Another thing to do after you lock your boat as you please is to put a non-descript tarp over it so all that shiny expensive-looking stuff is hidden from plain view. Also park off the street if possible. I live on a corner and have always kept the boat trailered and tarped. I quickly noticed that whenever I had the boat uncovered it always caught (and held) the eye of the male drivers rounding the corner. When it was under the big gray tarp, no one noticed.

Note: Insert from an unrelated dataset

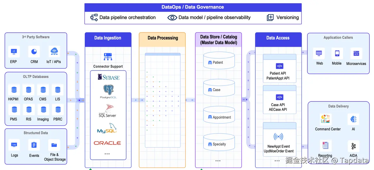 TapCDC 实时采集来自 Sybase、PostgreSQL、Oracle 等系统中的门诊、住院、预约、影像、病例等诊疗数据;

Pro tip - old soup cans on the oar locks keeps them from punching through the tarp.


----------



## BastrdSonOfElvis (Mar 24, 2005)

Pinchecharlie said:


> Could sleep on it with a pistol?


You’re probably joking but that’s my solution to this problem.


----------



## cupido76 (May 22, 2009)

Andy H. said:


> Sure, I'll weigh in on this resurrected thread....
> 
> Norcalcoastie brought this up and I'll reiterate.
> 
> ...


Soup cans... I love it!


----------



## Andy H. (Oct 13, 2003)

cupido76 said:


> Soup cans... I love it!


Yeah, that's if you're on a budget. I've got the special NRS titanium oar lock covers that I spent a pretty penny on. Of course, I've specially treated them to look like rusty old soup cans so they don't get stolen. I'll give them to you for half price - only $35 each!


----------



## Will Amette (Jan 28, 2017)

You can cut a slit in an old tennis ball and maybe have more cushion than an Andy Warhol Special oarlock cover. You'll need four of 'em. They don't rust.


----------